Kapil Dev, India’s cricket captain, didn’t help my mood that day.
I missed seeing any part of England being knocked out of the first cricket world cup in 1975, for good (albeit unsuccessful) sporting reasons:
I also missed seeing any of the 1979 final, in which England lost out to the West indies in the second cricket world cup; no doubt because no-one else at Alleyn’s school was sufficiently willing to score a first team cricket match rather than watch the final:
But I have a seemingly weak reason for missing the entirety of the 1983 semi-final, in which India made short-shrift of England, while on their way to that historic trophy-lifting victory in the third cricket world cup.
Yes, I played cricket the day before; an epic “thanks for coming” appearance for The Players in the Keele Festival Week traditional Gentlemen v Players beer match:
So what could possibly have prevented me from hanging up those boots and spending at least some of the day watching the cricket on TV? It was, after all, festival week, a time of year that I especially loved at Keele, after all the term work and exams were over, when I could enjoy all that Keele had to offer without even the slightest pang of guilt.
The relevant passage reads (and yes I did need a magnifying glass and some deep thought to translate it):
Rose early – went – hitched- to London to see Sean and Marlenne [sic] – got train home – tired and pissed off after.
Sean and Marlene (I’m pretty sure I have spelt the name wrong in the diary) were the brother and sister-in-law respectively of my then girlfriend, Liza.
This was the one and only time I hitched all the way from Keele to London and it was an experience that, clearly, I was so keen not to repeat that I insisted on us getting the train home rather than trying to hitch home.

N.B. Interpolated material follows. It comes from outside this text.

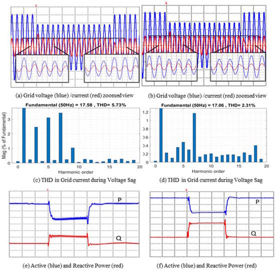 The LVRT controller is re-evaluated using the observer-based PLL and the proposed ILP-PLL, as shown in Figure 18. The grid voltage experiences 0.3 p.u. of voltage sag, as shown in Figure 18a,b. The proposed control strategy is applied to maintain a constant current before and after the fault conditions. Under nominal operating conditions, the harmonic distortions in the grid current are below 3%, as per the grid standard for both the observer-based approach and the proposed ILP-PLL approach. Figure 18c infers that the observer-based technique is sensitive to the presence of harmonics; as a result,  THD is observed under fault conditions. Unlike the observer-based PLL approach, the control approach comprising the proposed ILP-PLL can still maintain a total harmonics distortion (THD) level below the recommended value, i.e., 2.74%. Notably, power delivery operation to the grid is offered by both schemes in the event of grid voltage sag, as exemplified in Figure 18e,f. However, due to the increase in the THD of the grid current, the observer-based control approach is unable to correctly inject the required amount of reactive power into the grid as compared to the proposed control scheme. Hence, the proposed control solution offers a dynamically preferrable solution to enhance the fault ride through the capability of the small PMSG-based WPCS.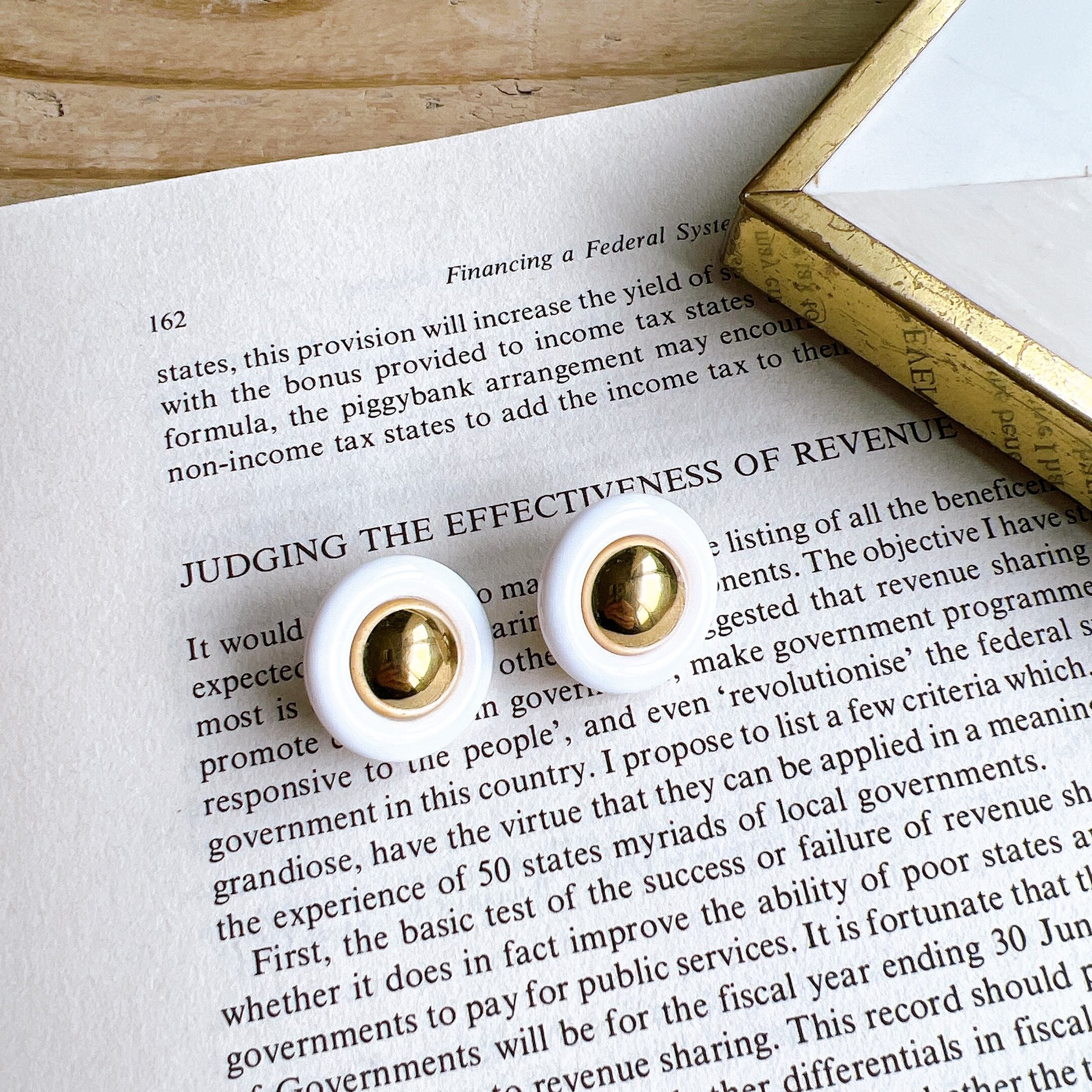 ホワイトのアクリルとゴールドトーンの組み合わせクリップイヤリング。立体感ある中央のゴールドトーンの丸みのあるフォルム。レトロなボタンのようなシンプルなデザインで、存在感のあるイヤリングです。

I don’t remember all that much about that London-bound, hitch-hiking journey other than the several discomforts of it; both physical (when sitting in passenger seats of 1970s/1980s lorries and mental (when I got that creepy feeling that the driver was more interested in my winsome, blond companion, Liza, than in the communitarian/sharing economy principles of helping a young couple who were hitch-hiking).
Sean and Marlene were (possibly still are) a very nice, very welcoming couple who lived in Stanmore. Sean, like Liza, had been raised in Keele itself, so they were not natural London sub-urbanites but seemed to fit into that mould very readily.

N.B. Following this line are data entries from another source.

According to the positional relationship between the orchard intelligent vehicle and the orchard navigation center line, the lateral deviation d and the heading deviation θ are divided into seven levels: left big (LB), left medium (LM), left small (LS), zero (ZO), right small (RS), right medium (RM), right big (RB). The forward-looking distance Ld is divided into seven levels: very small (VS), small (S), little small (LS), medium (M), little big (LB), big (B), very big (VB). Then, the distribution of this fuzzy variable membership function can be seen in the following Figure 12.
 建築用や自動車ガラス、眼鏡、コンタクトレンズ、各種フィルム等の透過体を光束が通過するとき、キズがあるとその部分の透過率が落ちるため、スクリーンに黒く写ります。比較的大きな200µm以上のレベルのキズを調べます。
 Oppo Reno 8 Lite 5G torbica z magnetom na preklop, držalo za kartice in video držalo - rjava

I recall that Sean was a hairdresser and the other thing that sticks in my mind is that they lived next door to a chap who had been in The Vibrators.
The diary entry infers that this day did not please me greatly. I am sure this was not Sean and Marlene’s fault; nor should I really blame Liza who had probably suggested the idea ages before – i.e. long before I realised that this 300 round trip to visit family in Stanmore was scheduled for bang slap in the middle of Festival Week and the day of the cricket world cup semi final to boot.
So it wasn’t a good day for me in North London.
It wasn’t a good day for England in Manchester either.
You can watch the highlights of the cricket match below:
Highlights (or should I say lowlights?) of the debates Liza and I might well have had about the quality of that day out and the possible repetition of such excursions are, mercifully, not available.